BusinessWeek Associate Editor Emily Thornton asked that very question of John Bogle, founder of the Vanguard Group and a pioneer of index investing. The fund-industry veteran, who recently wrote The Little Book of Common Sense Investing, recommends at least two pieces of sage advice: First, be sure to keep an adequate portion of your portfolio in bonds. Second, try to remain calm: Bogle says it's possible the stock market could slide by another 15-20%.
Edited excerpts from their conversation follow:
We're seeing such problematic credit and stock markets. What do you think individual investors should do?
I would divide individual investors into two classes. If they're speculators, they will be scared and it may get worse and they should probably get out. But I don't feel confident in that advice because I don't give speculators advice!
We clearly have a problem with confidence in the market. Equally clearly, as all market cycles go, we have gone from hope, to greed, and now we're going to fear. Eventually hope will return. And very eventually greed will return. But I think it's going to be a while before we have the kind of greed that we have witnessed in this recent era reappear.
On the other hand, if I was going to give advice to an individual investor—and I make a very important distinction here—if they have come into this market and have invested the way people should invest, and that means they have a little bond position if they're young, and an average bond position if they're in their middle years, and a substantial bond position in their retirement years, then I would do absolutely nothing.

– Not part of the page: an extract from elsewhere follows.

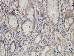 - Immunoperoxidase of monoclonal antibody to ARVCF on formalin-fixed paraffin-embedded human stomach. Antibody concentration is 3 µg/mL.
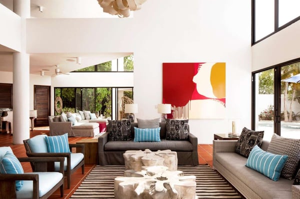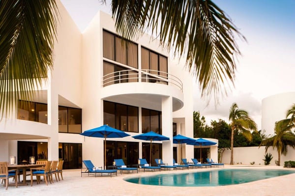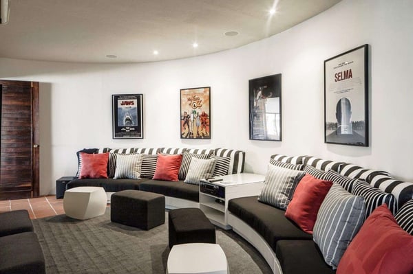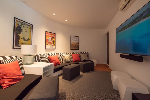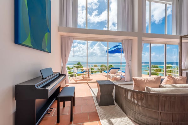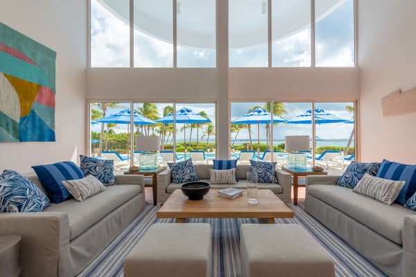 This 13,000 sq. ft. villa features new renovations that were finished in November 2021, one large principal bedroom suite, four additional guest bedrooms (all with king beds, TVs, and en-suite bathrooms), and one half-bedroom (with a day bed) for a total of 5.5 bedrooms. On the first floor, the magnificent common area features 21-foot high ceilings, floor-to-ceiling windows, a triangular, glass-topped dining table (with seating for up to fourteen people), and a custom-built semicircle bar that includes a cooktop, refrigerator, freezer, modern appliances, and wet bar – perfect for entertaining guests or hosting a night with one of our private chefs! The second floor features a fully-stocked entertainment room with a custom-made pool table, card tables, a ping pong table, a meditation room, and a stunning ocean view. The third floor features a private fitness center (with free weights, yoga mats, a bench, treadmill, and spin bike), one small half-bedroom, four guest bedrooms, and one palatial principal bedroom suite with a lofted office area and private terrace. The outdoor area features a heated, private swimming pool, hot tub (for up to 12 people), shaded dining table, and multiple lounge/sitting areas. The villa also features a modern elevator for seamless transportation to all floors. Blue Diamond’s unique flower-shaped design is perfect for large groups because all three levels have a central common area surrounded by smaller rooms in the “petals,” or alcoves. All rooms feature SONOS Bluetooth speakers that can be controlled by the guests.

They will be protected by the fact that bonds are going up and bonds generate income. No one will take that income from them. They should just hang in there and do nothing.
Even if I was pretty confident that the decline will continue—and I think it's more likely than not—you've not only got to get out right, you've also got to get in right. You must be right twice. So if you get out now, and the market goes way down another 15 or 20%, which is quite possible, they will be so scared they won't get in. So I'm a stay-the-course person. Personally, I'm about 60% bonds and 40% stocks. I haven't changed a single thing in my portfolio. I'm largely indexed on both sides. I haven't made a significant change in my portfolio in six or seven years. On a day like today, I may be worth as much at the end of the day as I was at the beginning because the bonds are up 1% and the stocks are off 2%-3%.
I'm very comfortable when these things happen. I don't much like them. But on the other hand, we have a system where there has been much too much easy credit and aberrant behavior, with rating agencies giving unbelievably casual high ratings to these mortgage-backed bonds. People are apparently able to collect all the poor bonds that don't have great chances of repayment, put them in a portfolio, and by fooling around, nobody knows exactly how, with the order in which they pay off, they're able to create a portfolio that is 90% triple-A bonds out of a portfolio that is in fact 99% C bonds or mortgages.
You pay a price for all this and we're paying the price now.
Why shouldn't I take all of my money out of all of these bond and stock indexes and just put it in cash or a CD?
First of all, you'll probably end up paying a lot of capital gains taxes. And you might be right.